A former high school classmate of a Cotati teen whose body was discovered in 2016 in a shallow grave on the Sonoma State University campus was named Monday as the prime suspect in his murder.
Daniel Carrillo was 16 years old when detectives suspect he stabbed Kirk Kimberly, an 18-year-old acquaintance from Rancho Cotate High School, in a secluded, brush-covered corner of the university campus in October 2016.
Kimberly’s partly-buried body was discovered two weeks later by a campus landscaper in a remote area near the Green Music Center parking lot, known at the time to be a common party spot.
Though Kimberly wasn’t a student at SSU, the brutal violence shocked the university community, prompting calls from students and staff to improve security and lighting on campus. More than three years would go by with little information about the investigation.
The Sonoma County Sheriff’s Office announced a break in the case Monday, revealing the arrest of the 20-year-old Rohnert Park man investigators had long suspected of the killing. Detective Sgt. Jayson Fowler declined to describe a motive.

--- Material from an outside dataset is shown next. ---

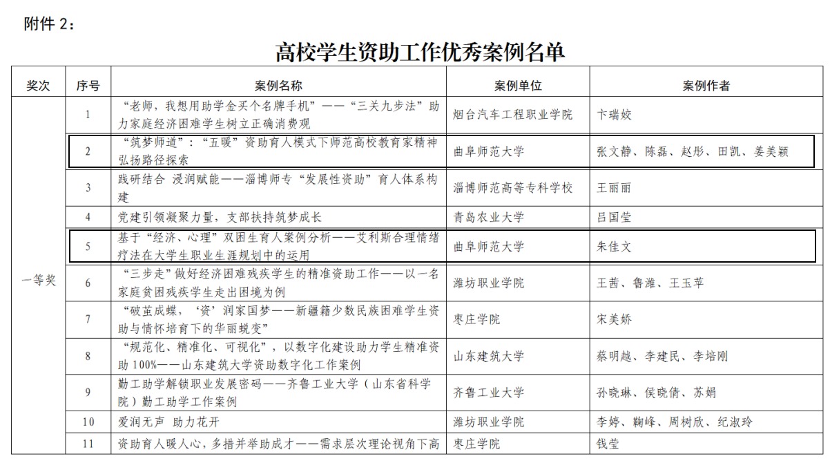 据悉,本次年会还对2024年山东省学生资助优秀案例进行了表彰。本次资助工作案例征集共收到地市工作案例75个,高校工作案例147个。学校推荐上报的2个工作案例均获得一等奖,获奖数量和质量均在全省各高校中名列前茅。

Carrillo has been incarcerated since September 2017 in an unrelated case. He was arrested on suspicion of Kimberly’s murder Feb. 28, shortly before he was to be released.
Detectives now say Carrillo was a prime suspect from the start of the investigation into Kimberly’s killing, although for more than three years they did not arrest him and remained tight-lipped about whether they had a suspect in the case or whether the killer remained at large. Fowler said they had a list of suspects and Carrillo was just one.